The 30-year-old has also set up several youth-led community initiatives including the Hackney Wick Through Young Eyes research project and Build Up Hackney, a project which gave a team of young people the power to transform a prominent public space. He is also involved with a number of criminal justice charities and has a book, co-authored with Keir Irwin-Rogers, about social harms in the lives of young British people, due to be published in 2022.
University of Aberdeen student Emily Drouet died by suicide in 2016 following an abusive relationship. Her mother Fiona set up the charity EmilyTest in her memory to improve prevention, intervention and support concerning gender-based violence (GBV) in further and higher education.
In 2021, the charity launched a GBV charter with a vision to equip colleges and universities to prevent deaths like Emily’s. It has been piloting the scheme with the hope of funding for further rollout across universities and colleges in Scotland in the future.
Men at Work is tackling problematic behaviours by delivering training for young men to challenge sexism, support healthy personal development and foster violence-free relationships. The community interest company’s core training is a programme called 10 Dialogues, which provides boys and young men with a space to reflect, learn and make crucial decisions about what it means to be a man.
“All boys and young men deserve to have a choice about the values and beliefs they want to carry with them through life,” says founder Michael Conroy, who has worked in secondary education for more than 16 years.
The programme has won several awards. In 2021, Men at Work was a co-sponsor of the first global conference on the conflict between porn and effective sex education in schools. Conroy tells The Big Issue “2022 looks busy”. Besides delivering 10 Dialogues he will be facilitating Becoming Respectful, a perpetrator intervention programme, with Manchester Women’s Aid. Conroy is also writing a book for teachers working with boys and young men.
Isabella de George
Positive Changes in Placements was founded by Izzy de George, whose brother Harrison took his own life in December 2020. The campaign urges universities to improve wellbeing and update policies for placement students. Harrison was a placement student in Manchester training to be a maths teacher when he died.

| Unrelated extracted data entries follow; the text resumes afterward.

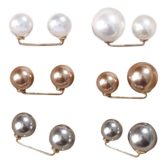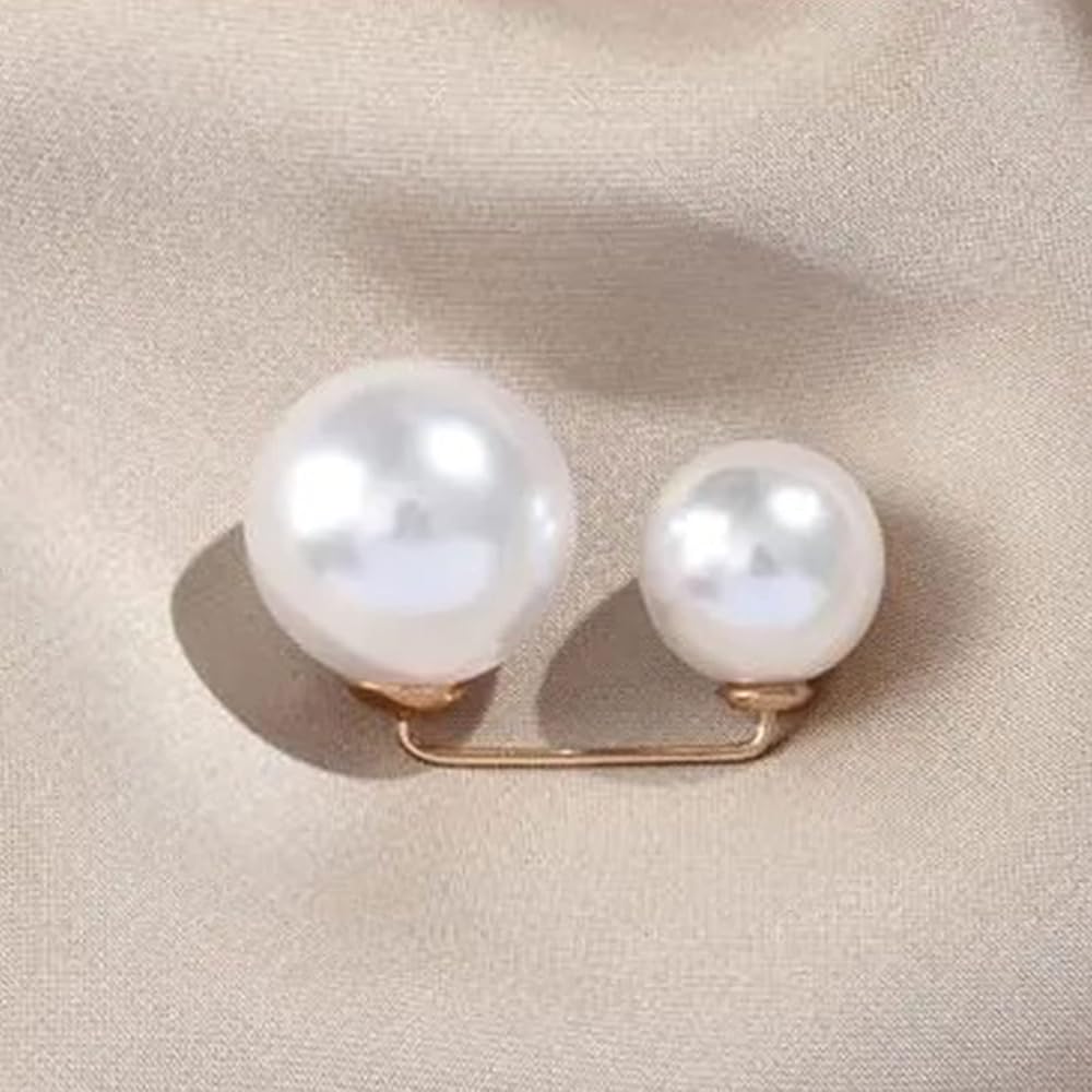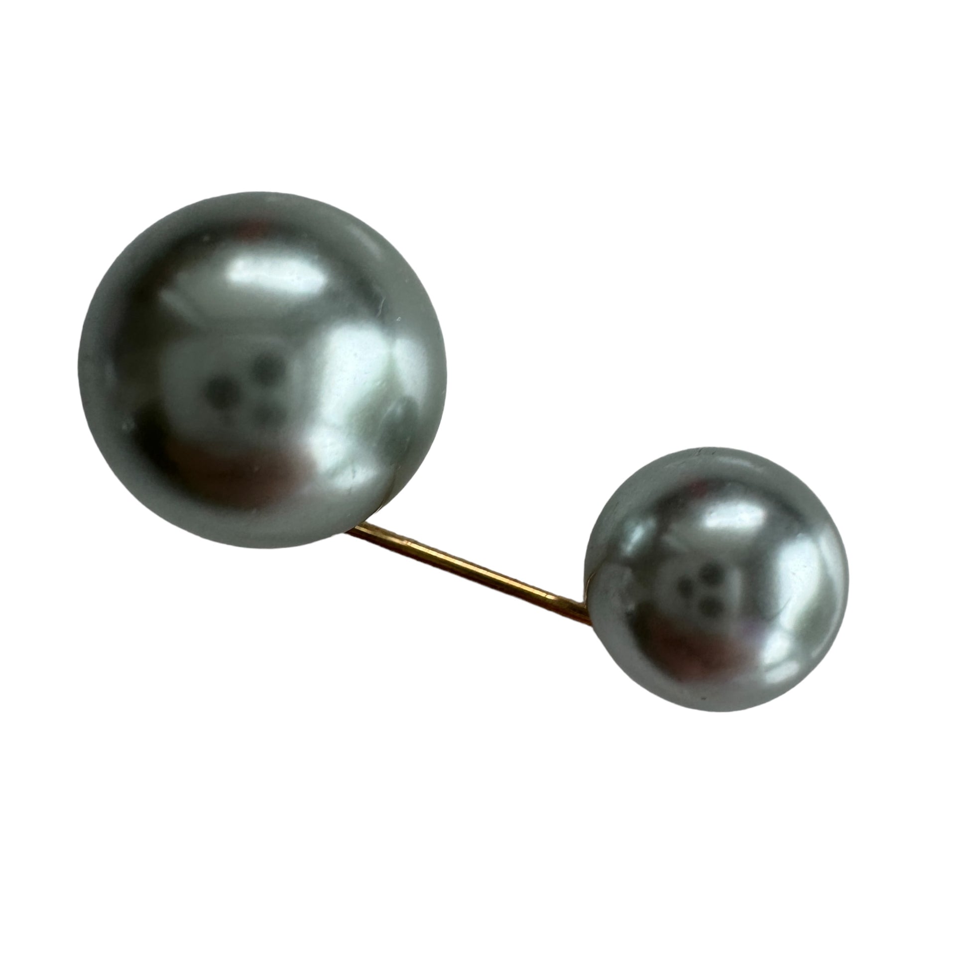 :  A clothing pin featuring two glossy faux pearls connected by a thin gold bar. One pearl is significantly larger than the other, creating a visually balanced design. The pin is compact and curved slightly, intended to slide through fabric for gathering or styling clothing.
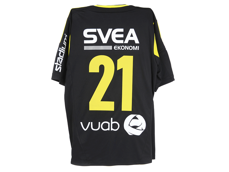 MATCHTRÖJA, A.I.K. fotboll, säsongen 2013, ”hemma”, Adidas, svart/gul, storlek M, med brodyr ”AIK – IFK Göteborg, Friends Arena, Måndag 6 Maj 2013”, Nr. 21, tillhörande Kennedy Igboananike, signerat dokument medföljer.
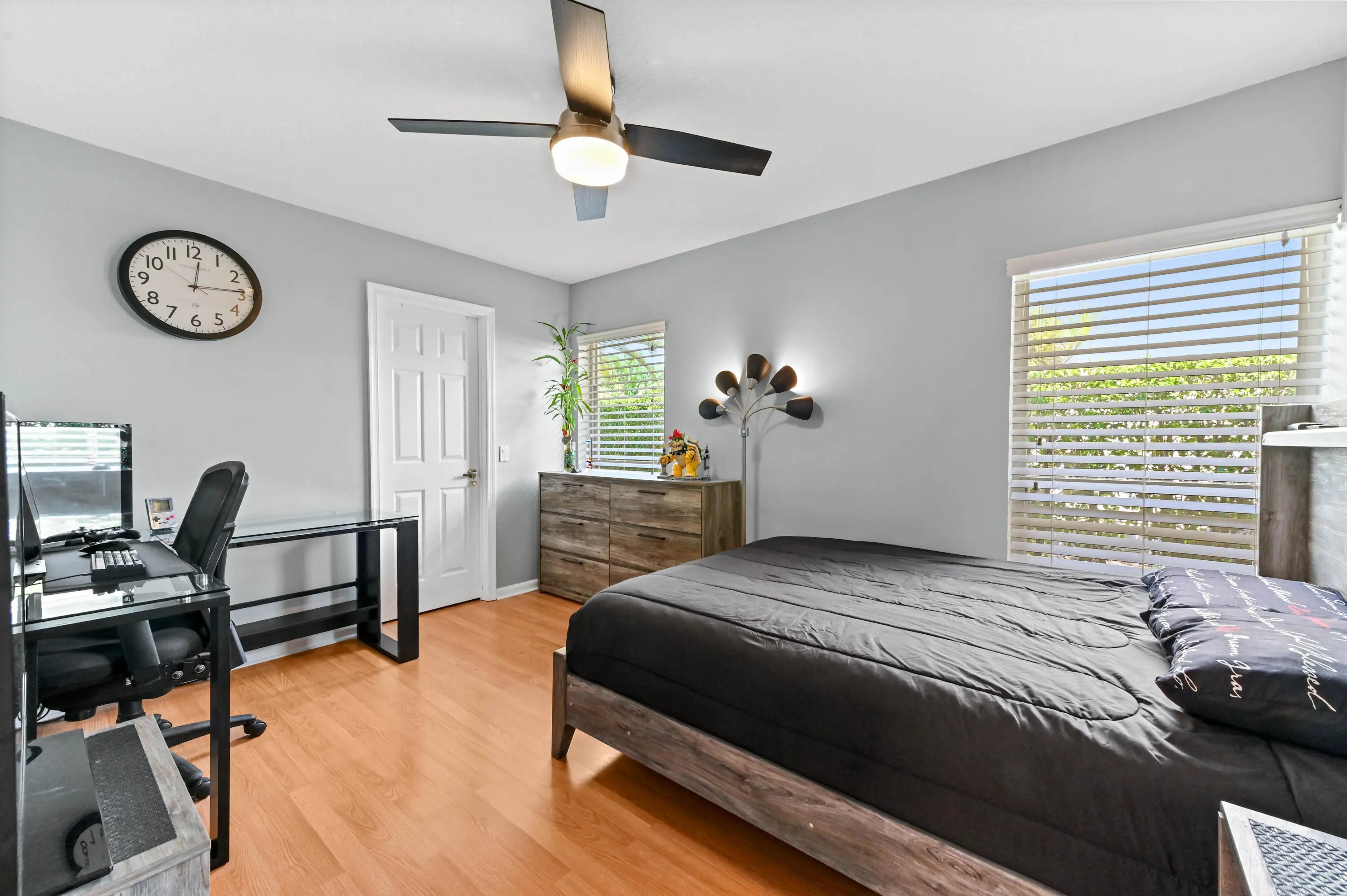 Welcome to this stunning waterfront home located in the gated community of Boynton Waters. Offering 2,301 sq ft of living space, this spacious residence features 4 bedrooms and 3 bathrooms, including a handicap-accessible en-suite bathroom, thoughtfully designed for comfort and convenience. A new roof was installed in 2024, providing added peace of mind for years to come.The home welcomes you with double-entry doors leading into a formal foyer and a large living room, highlighted by vaulted ceilings and crown molding throughout. The upgraded kitchen features granite countertops, ample cabinetry, a pantry, a snack bar, and bar seating--perfect for casual dining and entertaining.
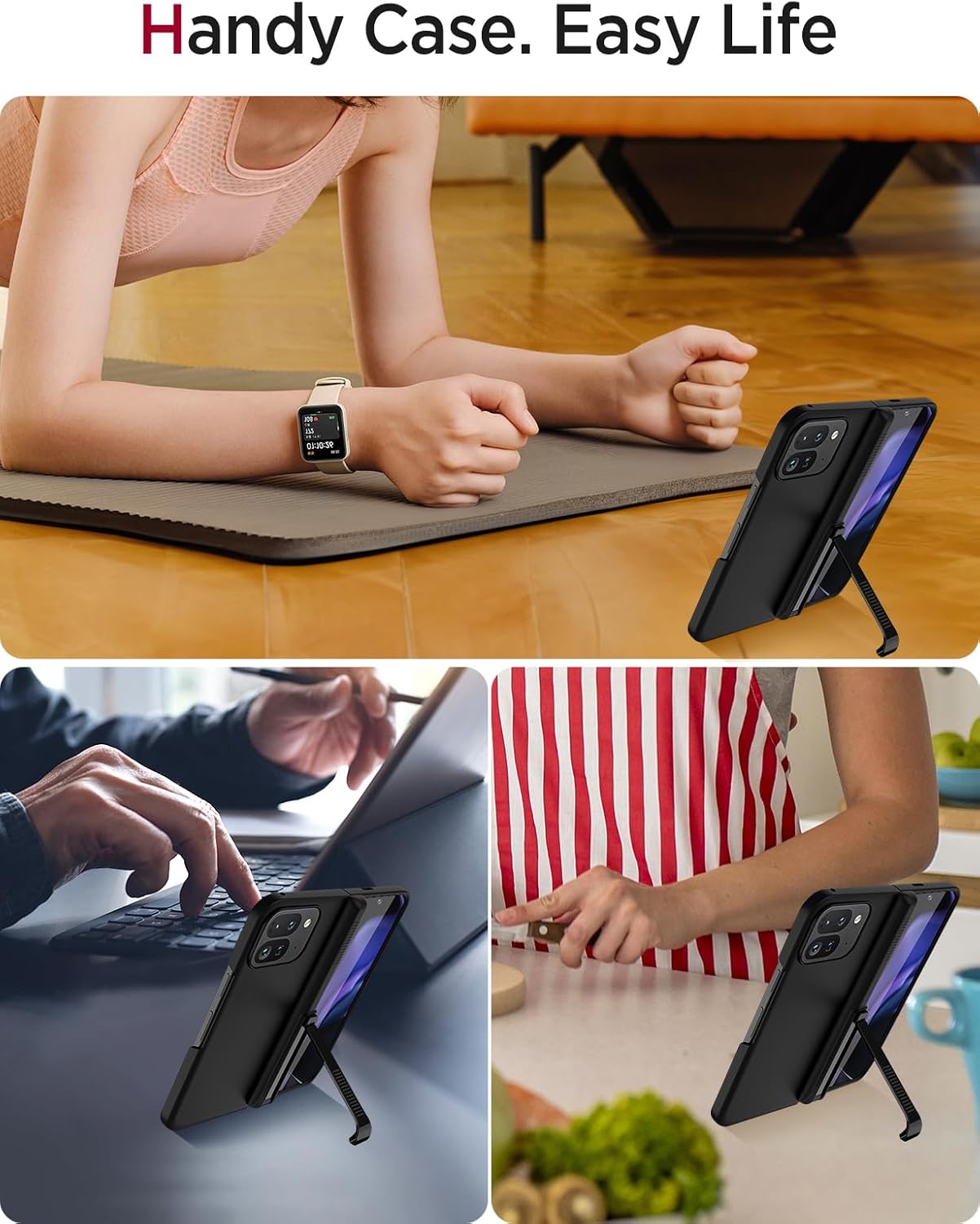 【Precise Cutouts & Wireless Charging】The Cases for Pixel 9 Pro Fold with Metal Stand features Precise Cutouts that provide seamless access to all ports and buttons, ensuring the device's functionality is fully accessible. Additionally, Pixel Pro 9 Fold Slim Case is designed to be fully compatible with Wireless Charging, allowing you to charge your phone effortlessly without having to remove the Pixel 10 Pro Fold Cases, maintaining both convenience and continuous protection.
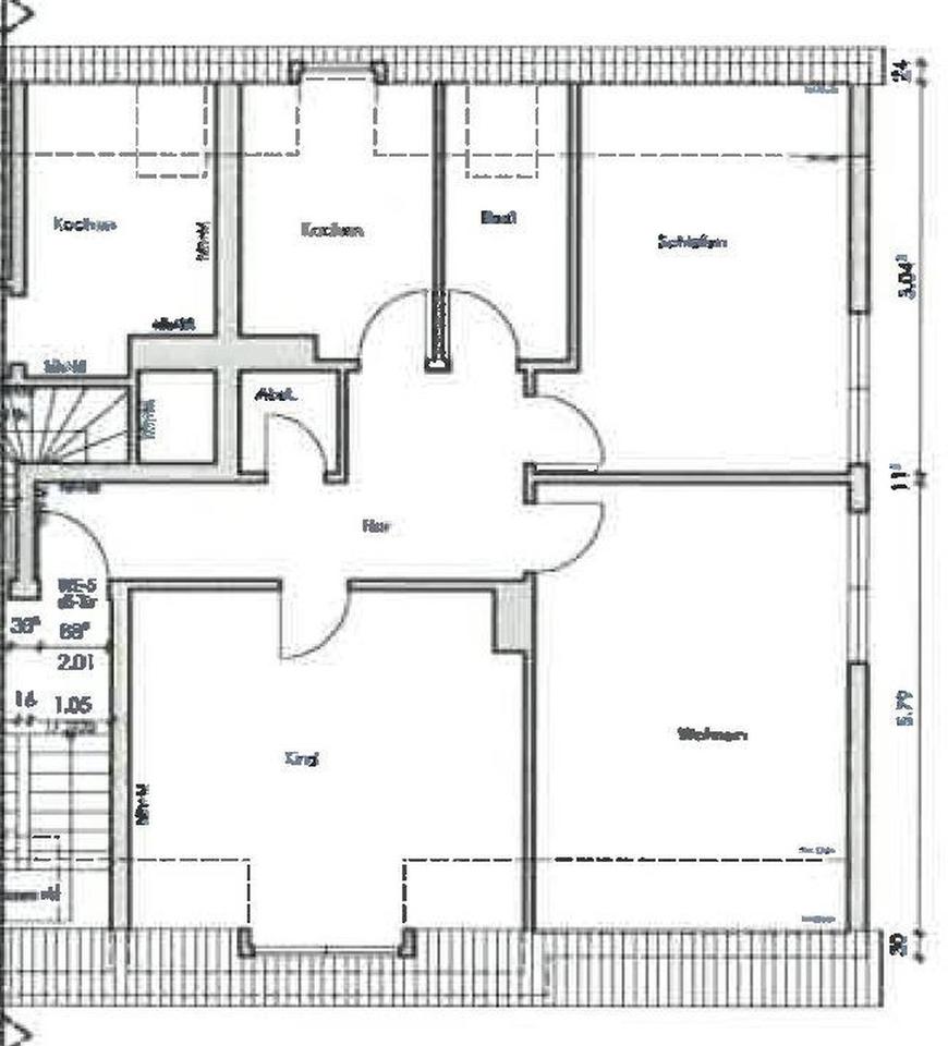 Durch den Flur gelangt man in die sehr große Diele, von welcher das Tageslichtbad mit Dusche/Wanne und Wohnbereich sowie Kinder- und Schlafzimmer abzweigen. Durch die großen Fenster gelangt viel Licht in die Räumlichkeiten

Labour leader Sir Keir Starmer, who is de George’s MP, has backed the campaign, which wants all universities in the UK to review its policies for placement students, including the placement notifying the university if the student does not show up for work after one day, trying to contact the student and, if that fails, contacting their next-of-kin. De George tells The Big Issue she hopes to grow the campaign in 2022.
“Nobody should feel unsafe walking home,” said friends Rachel Chung and Alice Jackson when they founded Strut Safe following the murder of Sarah Everard in March 2021. Since then, the free non-judgemental volunteer service works to help people walk home safely.
The organisation has got more than 50 volunteers across the UK, meaning it is able to offer women and other marginalised groups free walks home. They also have a free phone service that covers the UK. Users can call up to request an escort home or for someone to remain on the phone while they are walking home.
Right Track Social Enterprise
Nick Parr from Right Track Social Enterprise says that the gap between people who are long-term unemployed and those in the workforce is bigger than ever. With many services closed, many are experiencing isolation and struggling with motivation and poor mental health. Building on over 10 years of working within the communities of Nottingham, including delivering food parcels and medicines during the height of the pandemic, Right Track Social Enterprise has been able to help where others can’t.
This year, 165 people have gained qualifications with the organisation, including mental health awareness courses and business training for people who are unemployed, workers who want to upskill and employers. In association with Big Issue Invest, they offer free, flexible training and have even provided IT access to help people access their courses online.